19 Ekim 2013 Cumartesi

SÜNNET VE HADİS MUCİZELERİ I


Selamın aleyküm.

Hadis ve sünnet hakkındaki iki ön yazıdan sonra, uzun süredir bahsetmek istediğim bir konu olan hadis ve sünnet mucizeleri hakkında bir yazı olacak bu.


Kur'an'ın mucizelerini biliyoruz. Peki zaten yeterince ihmal ettiğimiz sünnetlerin mucizelerini ne kadar biliyoruz? Veya 1400 yıl öncesinden Peygamber sav'in haber verdiği olayların nasıl gerçek oldukları hakkında ne kadar bilgiye sahibiz?

Değiliz.
Çünkü biz seküler bir yaşam sürüyoruz. Hayatımızdan sünneti çıkardığımız zaman, bize kalan şey seküler bir yaşamdır çünkü. Kur'an'ın bahsettiği iman esaslarına inanıyoruz, fakat hayatımıza ve pratiğe dökmediğimiz için ''yaşadığımız gibi inanmaya'' başlıyoruz. İnsan bulunduğu kabın şeklini alır çünkü.

Neyse.
Müslümanlar, ateistlere Kur'an'daki mucizeleri gösterip, ''bu mucizeleri göremiyor musunuz?'' diyor.
Benim gibi Müslümanlar da sünnetteki mucizeleri gösterip ''bu mucizeleri göremiyor musunuz?'' diyoruz.


Ateistler Kur'an'ı yok sayarken, Müslümanlar da sünneti yok saymakta çünkü.
Ateistler, Kur'an'ın kendisinden örnekler vererek, Kur'an'ı inkar ederlerken,
Müslümanlar da Kur'an'dan ve hadislerden örnek vererek sünneti inkar ediyor.

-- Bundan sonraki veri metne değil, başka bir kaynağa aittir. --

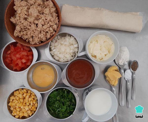 Separe todos os ingredientes necessários para preparar a receita da torta folhada de frango com catupiry. Siga as instruções da embalagem da massa folhada escolhida quanto ao preparo e manuseio da mesma. Deixe-a refrigerada até à hora que for montar a torta.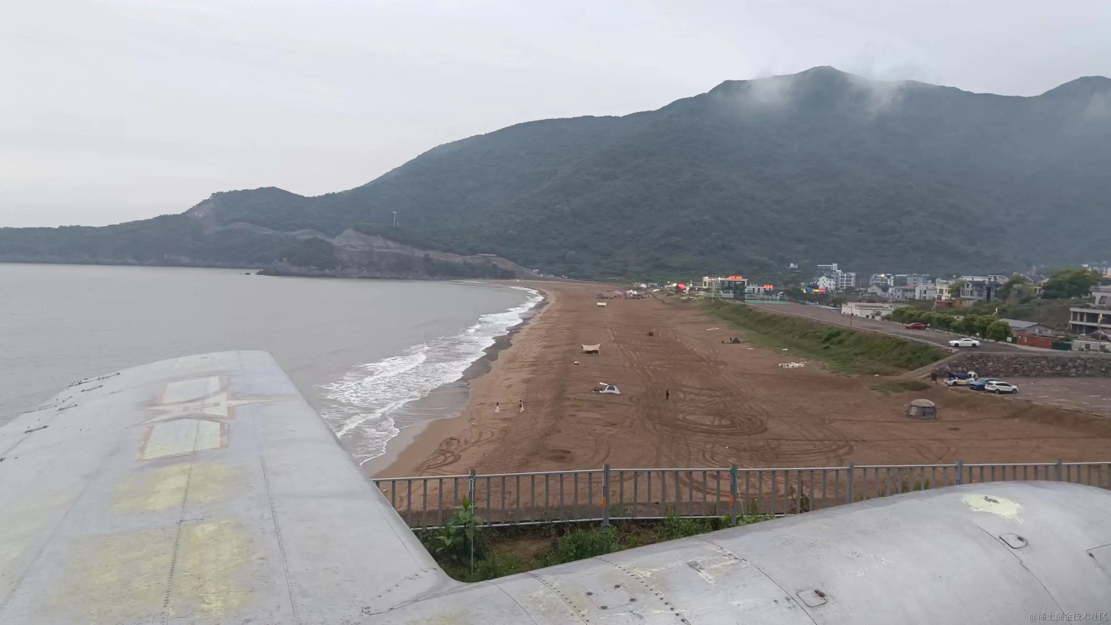 大沙村的位置很好,配套也较为完善,村子里有许多民宿,紧挨大沙沙滩旁边有饭店和超市,看得出若天气好则会有很多的游客,而今天天气不好,就鲜有游客了,这里不收门票,可以扎帐篷露营,这里的海浪很大,一个接一个拍打在岸上,半山腰有一架供拍照和展示的战斗机成了众多网红们的打卡点,不得不说位置很好,即便不是专业摄影师,也能与这架战斗机拍出好看的照片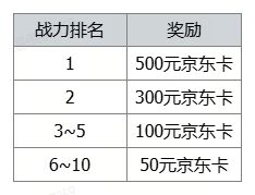 战力排名奖励1500元京东卡2300元京东卡3~5100元京东卡6~1050元京东卡

Öyleyse biz de aciz elimizden geldiğince sünnetin mucizelerinden bahsedelim.

Peygamber sav der ki ;

''Gerçek şu ki, her insanda 360 tane eklem bulunmaktadır. Kim bu eklem sayısı kadar Allah-u Ekber, Elhamdülillah, La ilahe İllallah der, Allah'tan bağışlanma diler, insanların yolu üzerinden taş diken veya kemik gibi şeyleri kaldırır, iyiliği emreder ve kötülükten men ederse, o günü kendisini cehennemden sakındırmış olarak geçirir.''  Müslim


Ve biz şimdi biliyoruz ki, insan vücudunda 360 eklem bulunmakta ;
1. Kafatası eklemleri ; 86
2. Gırtlak eklemleri ; 6
3. Göğüs kafesi eklemleri ; 66
4. Omurga ve pelvis eklemleri ; 76
5. Kol eklemleri ; 32.2=64
6. Bacak eklemleri ; 31.2=62
Toplam ; 360
Link

Bir başka mucize ise şu hadisi şeriftir ;

''Peygamber sav, ayakta su içmeyi men etti.'' Müslim
''Hiçbiriniz ayakta su içmesin. Ayakta su içenler midelerine verdikleri zararı bilselerdi, onu kusmak isterlerdi.'' Müslim


Bizler bugün biliyoruz ki, ayakta içilen su, direkt olarak onikiparmak bağırsağına gidiyor ve midenin gerçek su ihtiyacı karşılanamıyor. Fakat oturarak içilirse su midede birikir, asitle karışıp mikropları öldürür. LinkLinkLinkLinkLinkLink


Bir diğer mucize de, abdest ile olan hadisi şeriftedir. Resulullah sav şöyle buyurmuştur ;

''Sizden biriniz sinirlendiğinde, abdest alsın.''  Ebu Davud


Abdestin temizlenmek için olduğunu biliyoruz. Günde beş kez azalarımızı yıkadığımız için birçok hastalıktan korunuyor, aynı zamanda da cildimizi besliyoruz. Örneğin suyun yüze sıkça temas etmesinden dolayı, deri sıkılaşır ve canlı bir görünüme sahip olur. Bunun gibi birçok faydası vardır ama, onları birazdan konuşacağız inşallah.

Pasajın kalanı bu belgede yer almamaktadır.